Kolejna fałszywa bohaterka z Getta Warszawskiego zdemaskowana
Jak wskazał publicysta Leszek Żebrowski, co roku przy okazji uroczystości poświęconych wspominaniu ruchawki w Getcie Warszawskim z 1943 roku, pojawiają się nowi bohaterowie. W jej trakcie Żydzi, którzy wcześniej kolaborowali z Niemcami i popędzali swoich rodaków do wagonów, wiozących ich do Auschwitz, zdali sobie sprawę, że są następni, w związku z czym zdecydowali się na desperacki opór. Jak zwykle przy tej okazji, czczone są fałszywe autorytety i całkowicie zmyśleni bohaterowie. Jednym z nich jest Rywa (Niuta) Tajtelbaum.

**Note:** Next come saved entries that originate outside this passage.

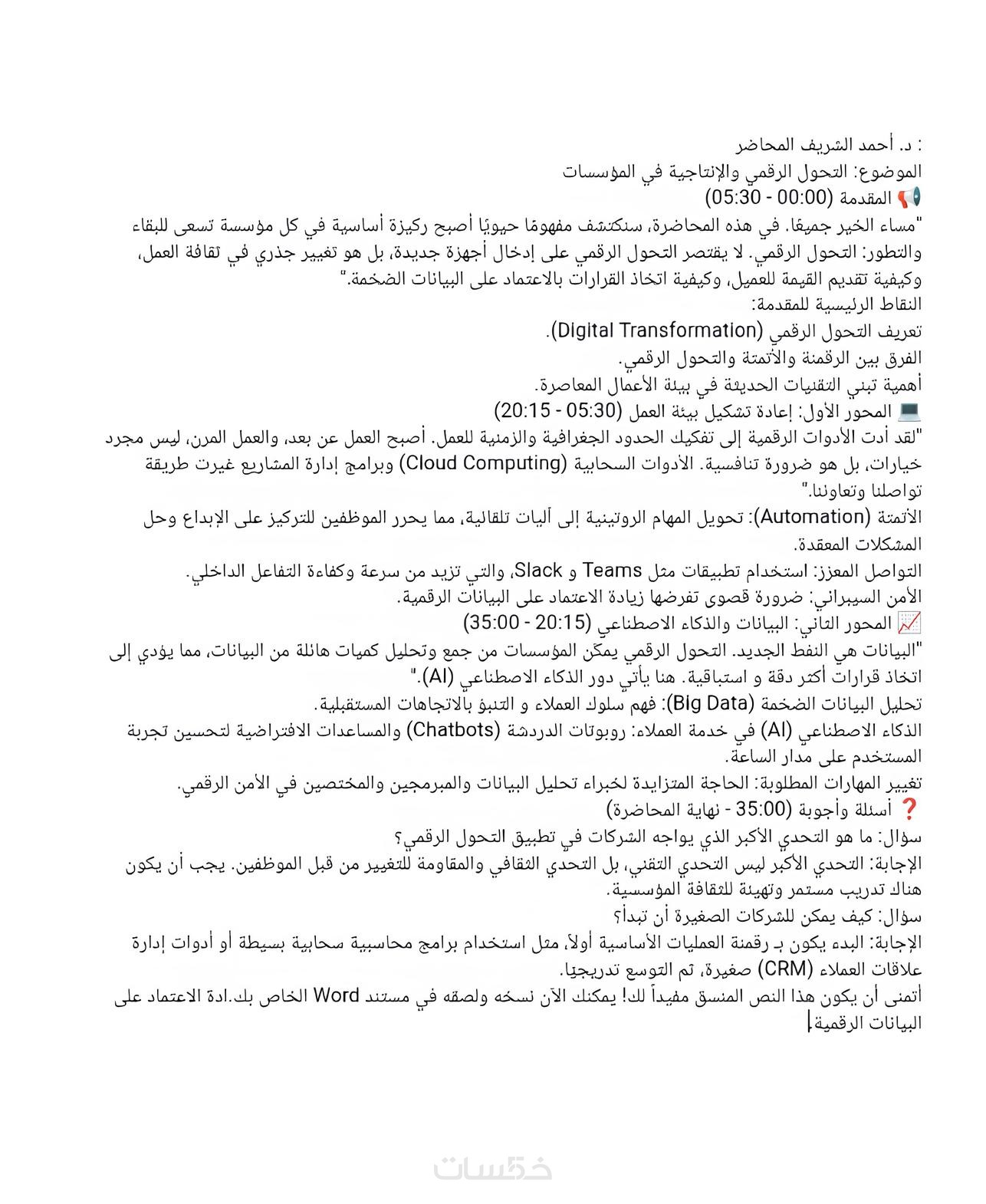 سأقوم بتفريغ دقيق من التسجيلات الصوتية أو الفيديو
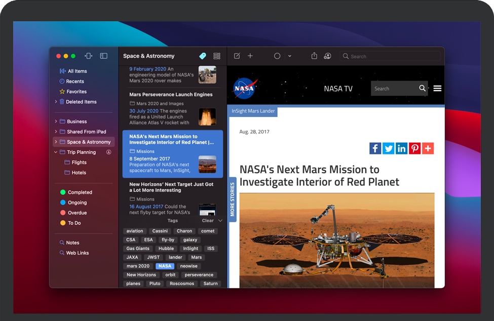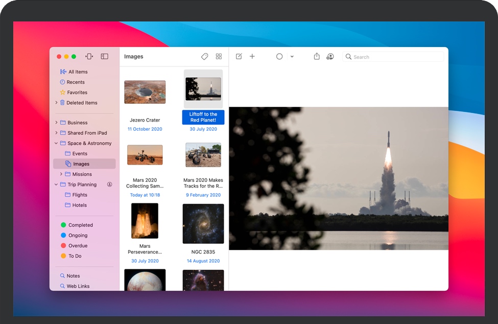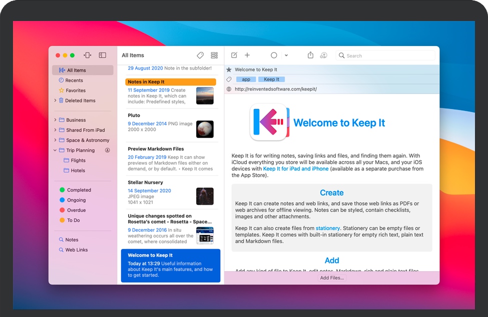 在Mac上可用,并且作为iPhone和iPad上的单独应用程序,使用iCloud可以自动在所有设备上进行更改。保留它是所有您想放到某处的东西的目的地,确信您以后会再次找到它们。
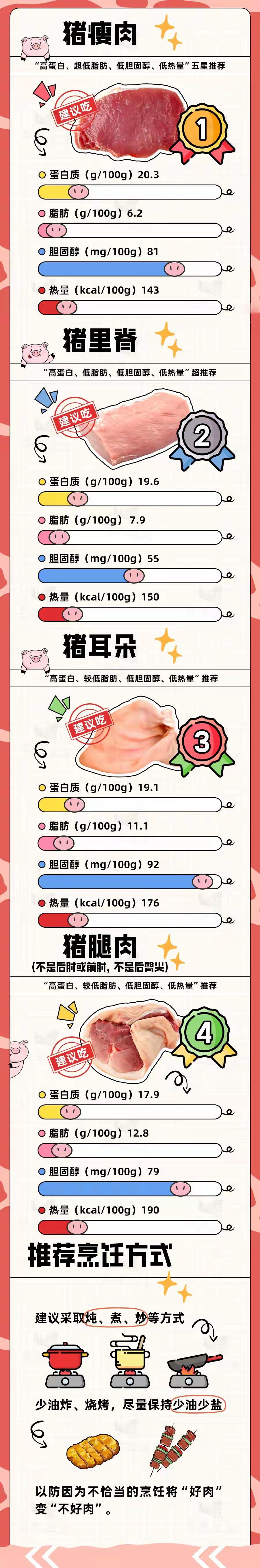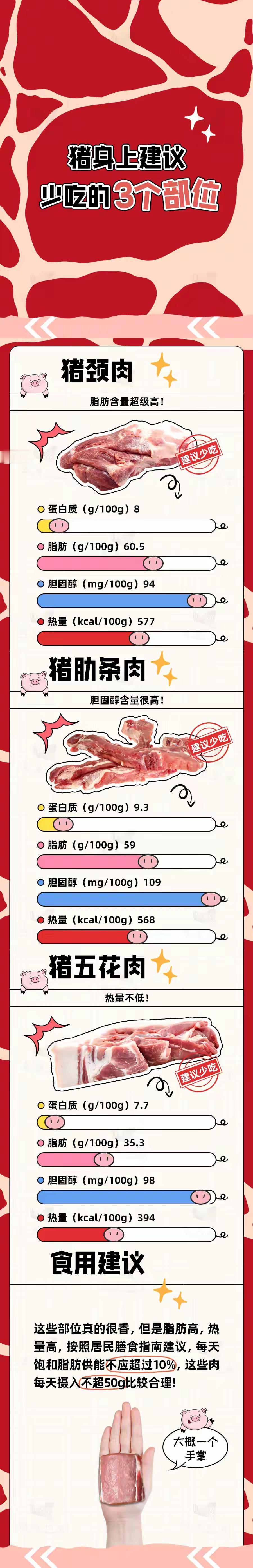 注意!这几个部位的肉,千万别吃 猪肉,是餐桌上常见的食材之一。但你知道猪的哪些部位吃了,会影响人体健康吗?一起来看↓↓↓ ✨按照“高蛋白、低脂肪、低胆固醇、低热量”的标准,4个部位建议吃:猪瘦肉、猪里脊、猪耳朵、猪腿肉。 ✨以“高脂肪、低蛋白、高胆固醇、高热量”的标准,建议少吃这3个部位:猪颈肉、猪肋条肉、猪五花肉。 ⚠️含有病变淋巴结的花子肉(肉枣)、含有甲状腺的粒子肉、含有肾上腺的小腰子,这些部位因含有病变组织或者内分泌腺,对健康有威胁,千万别吃! 接下来,让我们深入揭示那些隐藏在餐桌上的“隐形杀手”,为什么一些猪肉部位看似普通,却暗藏危机?你是否曾在餐厅点菜时犹豫不决?在超市挑选肉品时迷茫不已?今天,我们就用科学的角度,帮你拨开迷雾,避免“踩雷”。 首先,很多人喜欢猪肉的香嫩多汁,尤其是五花肉、肋条肉,那油光闪闪的诱惑难以抗拒。然而,正如你所看到的,脂肪含量高的部位,实际上是健康的“隐形杀手”。高脂肪、高胆固醇的猪颈肉、五花肉,虽然味道鲜美,但摄入过多,容易引发心血管疾病,尤其是对于有高血压、高血脂家族史的朋友,更要慎之又慎。 而那些“看似不起眼”的部位,比如猪耳朵、猪腿肉,虽然是营养丰富的蛋白质来源,但如果处理不当,可能带来细菌或寄生虫的风险。更别提那些“特殊”部位——猪花子肉、粒子肉和小腰子。这些部位,很多人并不陌生,但你知道吗?它们可能藏有病变淋巴结、甲状腺组织,甚至肾上腺,随意食用,可能引发免疫系统紊乱或激素失衡。 这就像我们在生活中常说的“看人看表面”,其实更应“看肉看内在”。一个肉品的选择,反映出我们对健康的态度。我们都希望在享受美味的同时,远离疾病的威胁。这不仅仅是关于食材的选择,更是一种生活的智慧。 很多人可能会问:“那么,哪些部位可以放心吃?”答案很简单:瘦肉和里脊。它们脂肪少、蛋白质丰富,是日常营养的最佳保障。合理搭配,既能满足味蕾,又能守护健康。 最后,提醒大家:在购买猪肉时,别只看价格和外观,更要关注来源和部位。选择正规渠道,避免购买含有异常组织的肉品。吃肉,讲究科学和理性,才能真正享受美味的同时,守护自己和家人的健康。 所以,下次再看到那些诱人的猪肉部位时,别只顾味蕾的满足,也要用心“挑选”,让健康成为你的生活常态。毕竟,健康无价,懂得取舍,才是真正的智慧。你有什么关于猪肉的“避雷”经验?欢迎留言分享,让我们一起成为健康生活的守护者!吃肉的禁忌 猪身上最香的肉
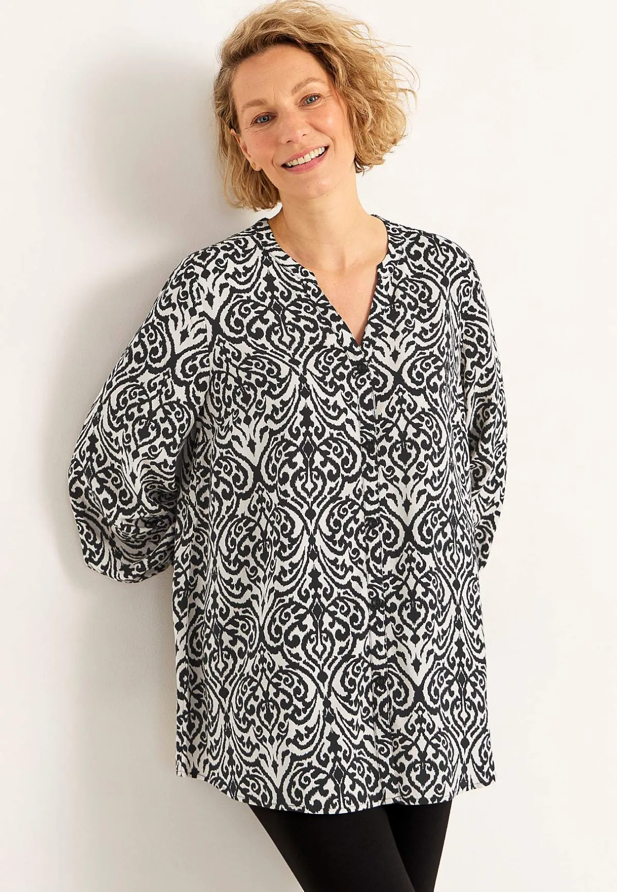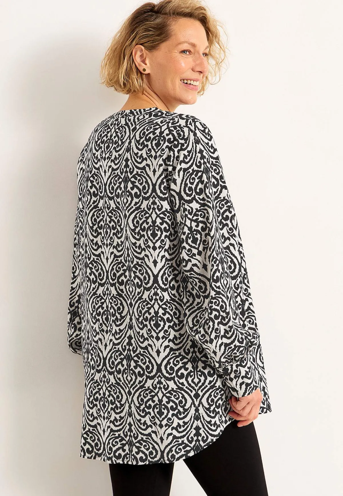 • Långa ärmar med manschett och två knappar i ärmsluten.
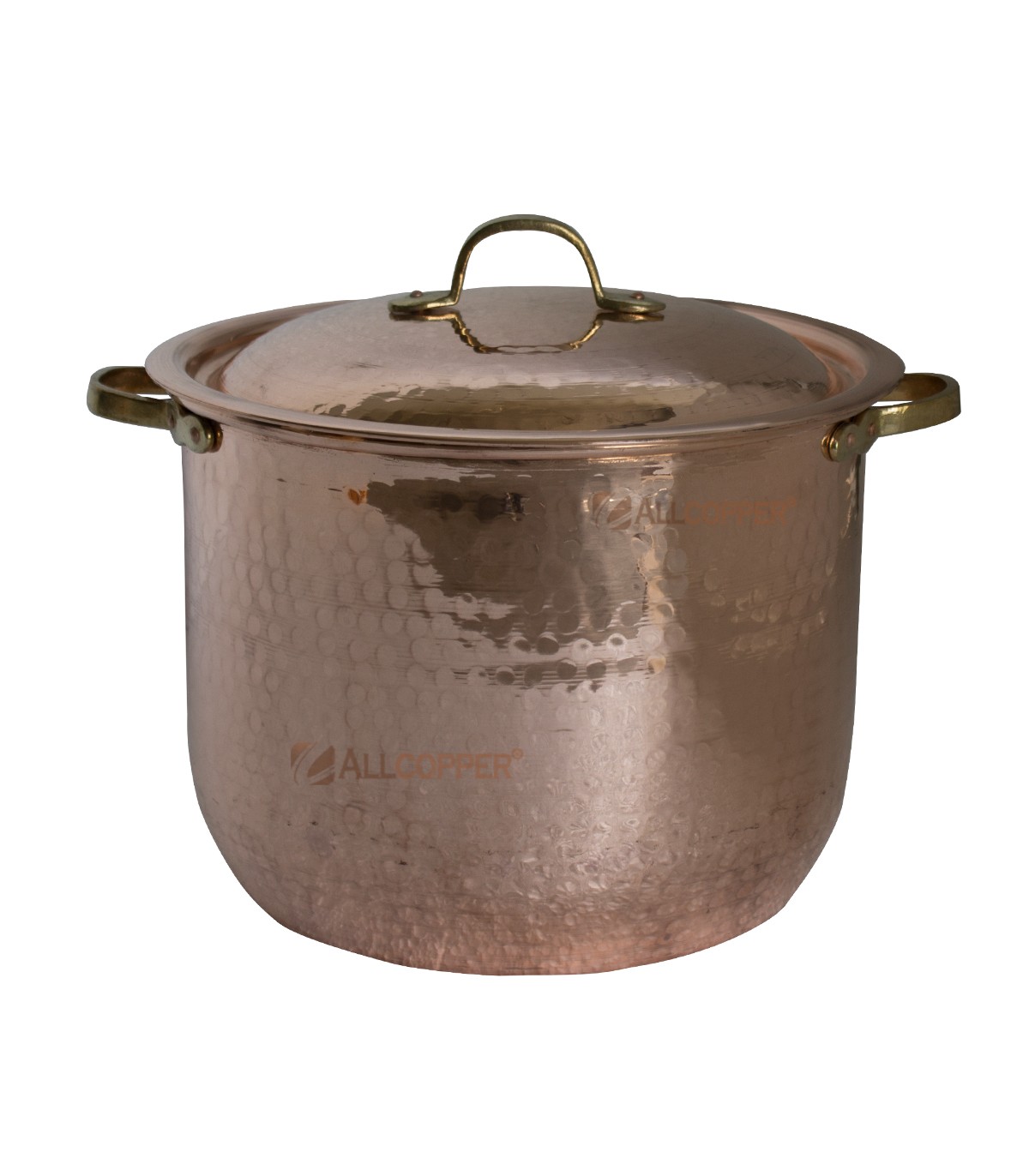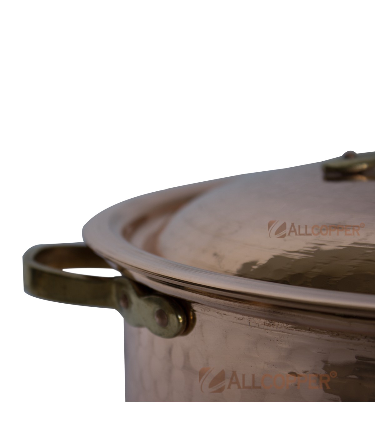 Saucepan copper with lid, hammered, wings in brass, can be used on any stove, except induction

Nadymanie Rywy trwa, wbrew oczywistym faktom. Akcja jak w filmach Hitchcocka – nakręcanie hagiografii Rywy Tajtelbaum „Wandy” przybiera na sile. Co chwila w haśle wikipedycznym poświęconym jej niewyobrażalnym dokonaniom przybywa coś nowego. Dlaczego matoły nie sprawdzają tandetnej legendy z dostępnymi dokumentami? Był już ogromny mural w samym centrum Warszawy! Tam też była jako „Niuta” bez imienia.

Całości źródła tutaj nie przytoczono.